Tumbatecho
Mario Jursich
Reviso con frecuencia libros, artículos, reseñas, tuits o estados de Facebook con, digamos, perspectiva de género y nunca deja de asombrarme la ansiedad de los varones que los comentan. No es solo que lean con un escalpelo en la mano; es que una y otra vez regresan a la monserga de que
“las feministas son demasiado vehementes en las polémicas”, como si las disputas intelectuales no hubieran sido siempre pasionales, como si después de varios siglos de ninguneo fuera factible pedirles algún tipo de “compostura”, y como si polemizar en un tono distanciado y olímpico fuera necesariamente bueno y virtuoso.
Aparte de que incluso por cuestiones retóricas a veces conviene alzar la voz, no entiendo por qué deberíamos circunscribir la validez de ciertos planteamientos a la observancia de unas supuestas buenas maneras. Si las feministas quieren manifestarse de manera sardónica y/o ruidosa; si su bandera de contienda es el lenguaje inclusivo y si se les antoja sostener, como se hace ahora mismo, que la depilación del pubis o la tonificación del culo son actividades “funcionales al patriarcado”, están en todo su derecho de hacerlo.al menos en una primera instancia, nosotros no tenemos nada que opinar al respecto; son ellas quienes deben decidir de qué hablan y en qué términos.
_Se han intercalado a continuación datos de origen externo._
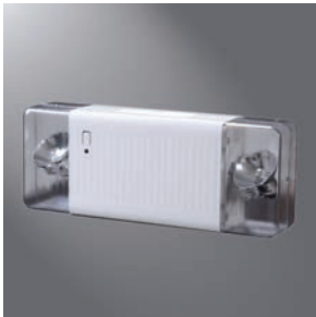
PC1-10 CONTOURS EMERGENCY LIGHT

Compliances may not apply to all product configurations. Please consult the product spec sheet for compliance details. COMPLIANCES: UL924 Listed; Damp Location

Pedirles lo contrario, que se “calmen” y polemicen sobre lo que nosotros creemos que es importante, solo sirve para reincidir, por enésima vez, en las proverbiales y tan justamente denostadas sordera y arrogancia masculinas.
Hago hincapié en estas cuestiones porque, si se trata de hacer alguna observación de tipo general al feminismo, mi objeción de fondo no sería la vehemencia –que, insisto, me parece deseable– sino el desbalance: a diferencia de lo que ocurre en Europa, Estados Unidos e incluso en otros países de habla española, tengo la impresión de que el feminismo colombiano se ha quedado corto en términos investigativos y que no ha logrado traducir la efervescencia y vitalidad que uno le siente en las redes sociales a los libros de historia.
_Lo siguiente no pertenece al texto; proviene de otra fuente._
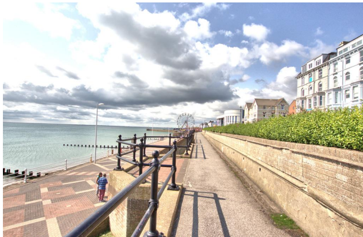
View from Promenade
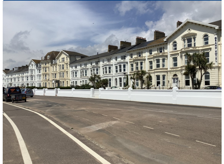
New defence wall along front of Morton Crescent
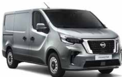
Highland Grey - M GHG
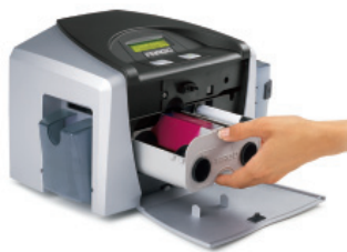
DTC400e single-sided printer

Designed for easy operation and hassle-free maintenance. The Fargo DTC400e features an all-in-one ribbon cartridge that combines a printer ribbon and card cleaning roller into one convenient unit. Just slide in the cartridge, close the door, and you're done. No feeding or tearing ribbon rolls, no fumbling with separate cleaning rollers. The integrated cartridge ensures that you'll change the cleaning roller with every ribbon change — a critical step to ensuring high-quality printing of conventional and rewritable cards.
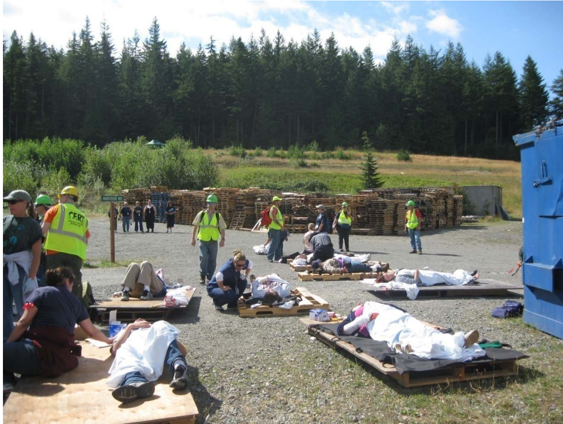
View of the MRC Team 2 treatment area

Para que se me entienda de modo correcto: no niego la existencia de una poderosa y bien fundada erudición académica feminista en Colombia; afirmo tan solo que tiene sesgos y que estos son en parte culpables de su insuficiencia. Se ha investigado mucho y muy bien sobre la líder sindicalista María Cano o sobre escritoras como Soledad Acosta de Samper y Marvel Moreno. ¿Quién sin embargo habla de Solita Salgado, la bogotana pionera de la natación profesional en Europa que alcanzaría al final de su vida el título de general de las fuerzas militares de Francia? ¿Quién le ha prestado atención a Julia Arciniegas, una arquitecta tan longeva como su hermano Germán, una de las primeras personas en preocuparse por la restauración del patrimonio inmueble de la Colonia? ¿Quién
le ha dedicado tiempo a rescatar, ya no se diga leer, las obras periodísticas de Emilia Pardo Umaña, Uva Gaitán Jaramillo o Ilva Camacho Soto, tres mujeres que, a despecho de su independencia personal y profesional, a menudo se opusieron al voto femenino? ¿Quién ha intentado escribir aunque sea una notícula sobre bibliófilas como Sofy Pizano de Ortiz? ¿Quién, en fin, se ha interesado en Mercedes Rodrigo, fundadora del Instituto Psicotécnico de la Universidad Nacional y bête noir por excelencia de Laureano Gómez?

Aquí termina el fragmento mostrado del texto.